In another embodiment, the R-enantiomer of aceclidine may be present in compositions of the present invention at concentrations from about 0.1% to about 5.0% w/v.

In another embodiment, aceclidine may be present in compositions of the present invention at a ratio from about 9:1 to 1.1:1 S-enantiomer to R-enantiomer or 1:1.1 to about 1:9 S-enantiomer to R-enantiomer.

In another embodiment, the compositions of the present invention further comprise one or more excipients selected from the group consisting of an alpha-adrenergic agonist, a cycloplegic agent, a cryoprotectant, a non-ionic surfactant and a viscosity agent.

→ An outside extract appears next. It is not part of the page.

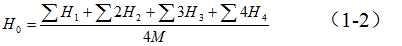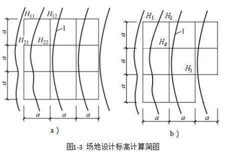 式中,H1、H2、H3、H4分别为一个方格、两个方格、三个方格、四个方格共用角点的标高(m),如图1-3b所示。

Alpha-adrenergic agonists suitable for use in the present invention include, but are not limited to, oxymetazoline, brimonidine, fadolmidine, phenylephrine, guanfacine or a combination thereof.

Alpha-adrenergic agonists may be present in compositions of the present invention at concentrations from about 0.01% to about 2.0% w/v.

Cycloplegic agents suitable for use in the present invention include, but are not limited to, tropicamide, atropine, Cyclogyl® (cyclopentolate hydrochloride), hyoscine, pirenzepine, 4-diphenylacetoxy-N-methylpiperidine methobromide (4-DAMP), AF-DX 384, methoctramine, tripitramine, darifenacin, solifenacin (Vesicare), tolterodine, oxybutynin, ipratropium, oxitropium, tiotropium (Spriva), otenzepad (a.k.a. AF-DX 116 or 11-{[2-(diethylamino)methyl]-1-piperidinyl}acetyl]-5,11-dihydro-6H-pyrido[2,3b][1,4]benzodiazepine-6-one) or a combination thereof.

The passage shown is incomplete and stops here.